Respecto a la fecha exacta para terminar la revisión, aseguró que esperan que sea para este verano, pero dijo que no entregarán un límite de tiempo.

“Considerando que los casos cerrados hasta ahora son 1,500, creo que el número es bien decepcionante. Me entristece mucho. Nosotros esperábamos otra cosa. Incluso con el 16% de las cifras preliminares, estábamos disconformes. Si tú lees el criterio, entonces no utilizaron discreción. Si tú sigues este paso, del millón de personas que deportaron hubieras cambiado el futuro de sólo 10 mil”, comentó el congresista Luis Gutiérrez (D-IL).

“Me parece que dada las estadísticas que nos dieron en el pasado, la mitad de las personas deportadas no tenían antecedentes criminales. Entonces me parece a mí que esto es una prueba de que van a continuar la deportación y separación de familias”, aseguró.

Durante la audiencia, Morton también fue consultado por los reclamos contra el programa de Comunidades Seguras, que ingresa las huellas digitales de personas detenidas y las contrasta con las bases de datos federales para indagar sobre el estatus migratorio del individuo.
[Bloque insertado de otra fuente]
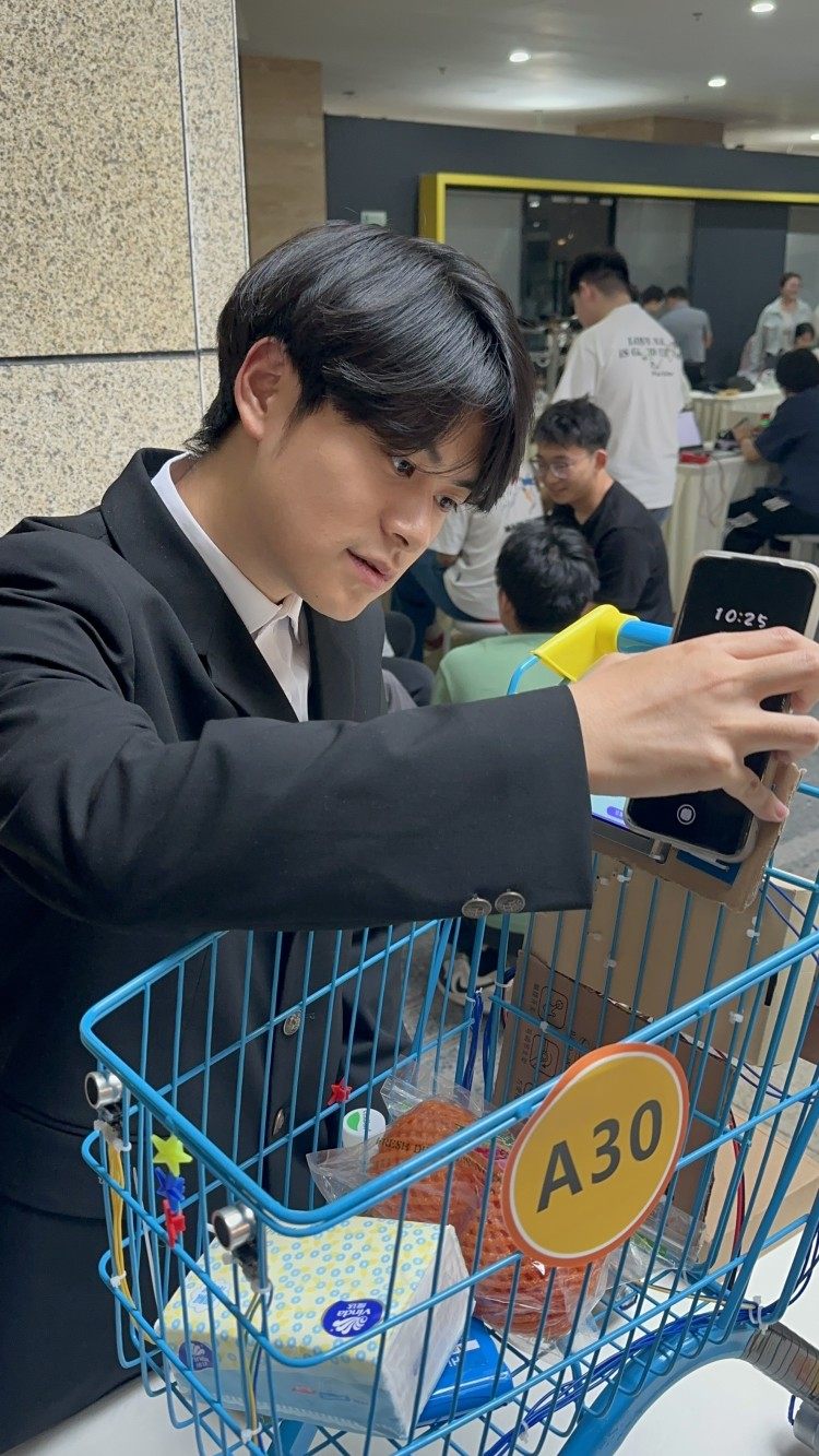 重庆人文科技学院的参赛团队带来的参赛作品是一辆“智能购物车”。“这台购物车可以自动跟随购物者,里面内置了语音助手,可以帮助你寻找想要的货品、咨询商品价格等。”团队学生贺怡忻介绍,购物者购买商品时,只需要轻轻触碰购物车上的装置再放入购物车,便可实现实时计价,购买完成后在购物车上便可完成支付。

Morton dijo que en algunas semanas más, ICE realizará un anuncio respecto a las recomendaciones sobre personas arrestadas por infracciones de tránsito, una de las principales críticas contra la agencia.

“Estamos presentes en 45 de los 50 estados. Algunas jurisdicciones, un número muy pequeño están preocupados por las personas que cometen ofensas menores, pero no existen desacuerdos respecto a la necesidad de buscar individuos deportables en el sistema penal”, enfatizó Morton.

“Desde mi perspectiva, las jurisdicciones bajo investigación del programa Comunidades Seguras, debieran ser suspendidas. Todavía hay muchos incidentes de ciudadanos estadounidenses arrestados bajo este programa. Aún necesita mucho trabajo.

Entiendo la meta, pero creo que existe una mejor forma de hacerlo, que poner en peligro el bienestar de personas inocentes”, señaló a La Opinión la congresista Lucille Roybal-Allard (D-CA), quien integra el Comité de Apropiaciones.

El director de ICE insistió en que Comunidades Seguras estará operando a nivel nacional en marzo de 2013. Además, especificó que probablemente a final de este año se implementará en Alabama.